小島孝文氏(林野庁 木材産業課課長)講演:国産材利用の現状と今後の展開方向

去る6月2日の夕刻、かねてからのご案内に従い林野庁から小島課長をお迎えし、国産材利用の現状と今後の展開方向について講演、その後活発な質疑応答の時を持ちました。
この号では、簡単ではありますが、講演の配布資料と口述筆記をもとにご報告致します。
講演内容 小島氏はパワーポイント(スライド)を使用し、豊富なカラー図版を用いられて講演。多岐にわたる内容と膨大な資料でしたが、聴講者の理解促進にとのご配慮でしょう、次の分かりやすい見出しがありました。
□ 国産材利用の現状と今後の展開方向について□ 我が国のかつての「木の文化」、日本人の生活の中には木があふれていた
□ 木材利用の意義
□ 国内の森林資源は利用期
□ 我が国の人口推移の見直し
□ 木材需給の現状
□ 林業・木材産業の現状
□ 「林業成長産業化」のシナリオ
□ 国産材の安定供給体制が目指すところ
■ 木材需要創出・拡大におけるポイント
■ 国産材の需要構造
■ 階層別・構造別の平成25年度新設着工床面積
■ 公共建築物等の木造を巡る動き(戦後)
■ 都市の木質化に向けた新技術の開発・普及
■ 土木分野における国産材製品の活用
■ オリンピック・パラリンピック関連施設における木材の利用方法
■ 森林認証について
■ 「林業復活・地域創生を推進する国民会議」の活動と推進
■ 産業界における国産材需要拡大に向けた取組

□ 国産材利用の現状と今後の展開方向について現在、林野庁では新しい国産材の利用を進めています。
しかし国産材利用の最終需要者である国民一人一人に林野庁の考えが伝わらないと施策は進んで行きません。
本日は、林野庁が今どういうことをやろうとしているかをご説明致しますので、皆様方にご理解を頂きたいと思っています。
説明時間は30分程、そのあと意見交換と聞いていますので、簡単な説明になるかと思いますが、意見交換の時間の中で色々とご質問頂きたいと思います。

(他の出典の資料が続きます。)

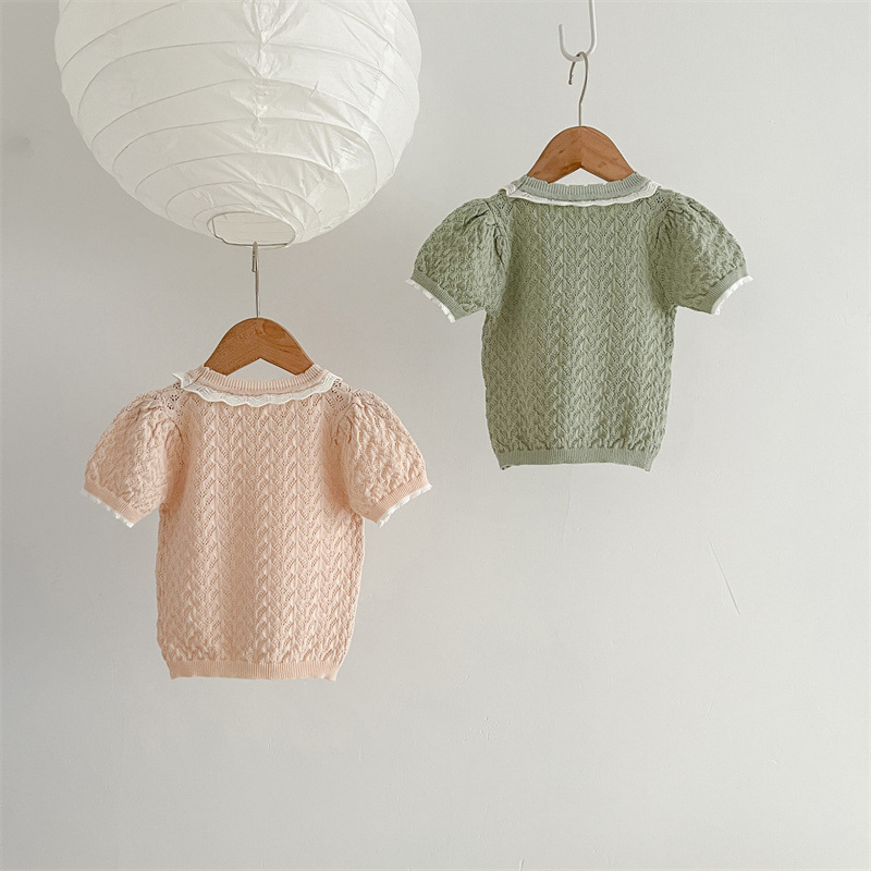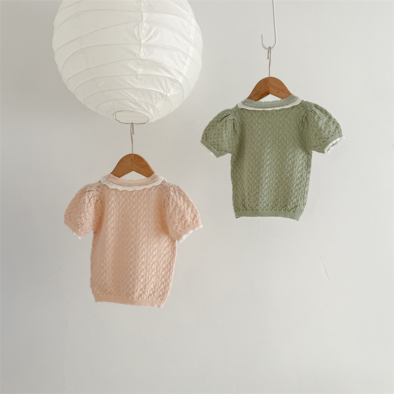 2024 여름 아기 소녀 니트 티셔츠 일본과 한국 스타일 단순 중공 부드러운 밀랍 반팔 레이스 라운드 넥 탑 유행스토어 가기
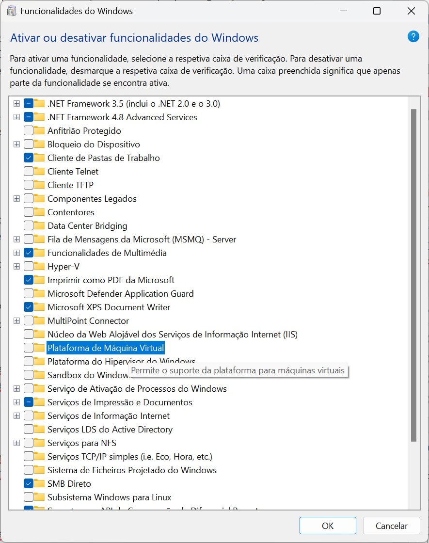 A segunda dica mencionada no guia da Microsoft é desligar a Virtual Machine Platform (Plataforma de Máquina Virtual, na versão em português). A função da Plataforma de Máquina Virtual, é permitir a utilização de máquinas virtuais em Windows para várias tarefas. Esta funcionalidade também não está ligada por defeito nos computadores que fizeram o upgrade para o Windows 11.

□ 我が国のかつての「木の文化」、日本人の生活の中には木があふれていた我が国はかつて「木の文化」の国と言われました。
百数十年前までは家、城郭、寺社、橋、土木工事などあらゆるところで木がたくさん使われ、身近な生活用品も木を使ってきました。
しかし、特に平成になってから、生活の身の周りから木材が使われなくなった。
TVのお茶の間ドラマの、昭和の家族団欒に見られる畳の部屋、卓袱台、襖や木製建具などの光景も最近は見られなくなりました。
もう一度、身の廻りに木を使ってゆく取組みを進めて行かなければいけないと考えています。

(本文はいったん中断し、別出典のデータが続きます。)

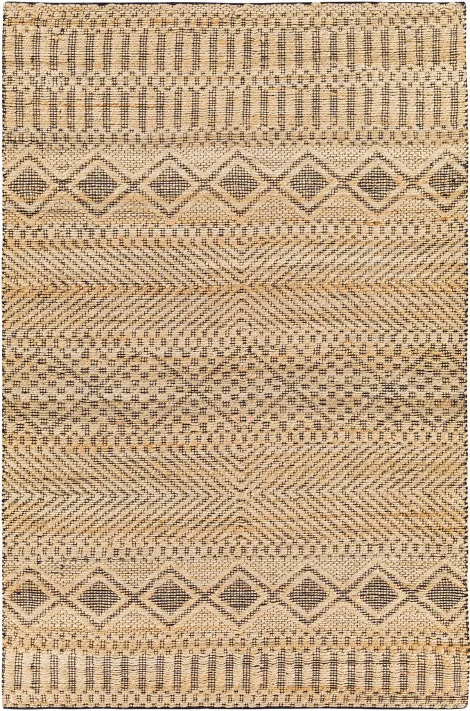 Crafted in India with care, this eco-friendly rug features a striking diamond pattern in natural jute and black accents, offering a perfect blend of rustic charm and contemporary style. Ideal for living rooms, dining areas, bedrooms, or entryways, it effortlessly enhances any space with texture and character. Made from durable, sustainably sourced jute, this rug is designed to withstand everyday use while maintaining its artisanal beauty. Whether anchoring a room or serving as a standout decor piece, this handcrafted rug brings timeless elegance and functionality to your home. Transform your space with this unique and eco-conscious design.

□ 木材利用の意義木材利用の意義は、まず木材は湿度を調整するなど快適的な居住環境を提供し、使っている人に優しい。
また木材を使うことで大気中の炭素を固定し地球環境にも良い。
木材製品は他の鉄・プラスチックなどに比べて製造・加工に要するエネルギーも少ない。
石油製品を買えば金は海外に流出するが国産材を使えば金は国内で廻り地方創生に役立つ。
木材は再生可能な資源であり「伐って、使って、又植える」というサイクルを通して、森林整備が行え、自然環境を守ることができるなど木材利用の意義は大きい。
こうした木材利用の意義を皆さまに理解いただき、国産材の利用を進めて行きたい訳です。

□ 国内の森林資源は利用期日本の森林の現状は、国土面積の3780万haの7割が森林で、森林率で言えば世界第3位。この森林の4割の1000万haがスギ、ヒノキ、カラマツの人工林です。
これは昭和30年代、石油・石炭の使用で炭焼き山が経済的価値を失い、瓦屋根や金属葺屋根の普及で茅葺屋根の原料・茅を供給していた茅場も経済的意義を失う中、当時高度経済成長、戦後の復興等で木材需要が急激に高まり、国の発展とともにこれから木材需要が伸びるとの予測のもと、薪炭林や茅場をスギ・ヒノキの人工林に変える拡大造林を進めた結果です。
拡大造林を始めて50~60年たった現在、人工林の利用期を迎えています。
一方地方創生の観点で見ると、昔の地方活性化は、都会から工場を地方に移転し製品を作り、海外へも輸出することで地方に雇用を確保してきましたが、グローバル経済の中、現在製造業が海外に移転する今、地方に持続的産業を作って雇用を確保し、地方にある資源を使っていくことが重要です。
そのために第1次産業と観光(地方の生活に触れるような地方固有の文化に触れる観光)を通して地方に産業を起こし、雇用を確保してゆくのが今現在の地方創生でありますが、国土の7割を占めている森林を生かさない手はないのです。
人工林の齢級構成の昭和41年の齢級構成でもわかるように、戦中に木を使い切っており、戦後は若い人工林がほとんどで、用材として使える木が無かった。このため外国から安い木材を輸入しようと、昭和39年には丸太の関税を0にして、木材の輸入自由化を行ってきた訳です。
しかし、最近(平成24年)の人工林の齢級構成を見ると、9~11齢級(植えてから40~55年、1齢級:植えてから0~5年、2齢級:6~10年)の立木が多く、柱材を取るのに使いどころの山が増えてきたことが分かります。
この資源を生かして、この人工林を宝の山に変えていくことができるのが、地方創生の観点からも大きなポイントとなります。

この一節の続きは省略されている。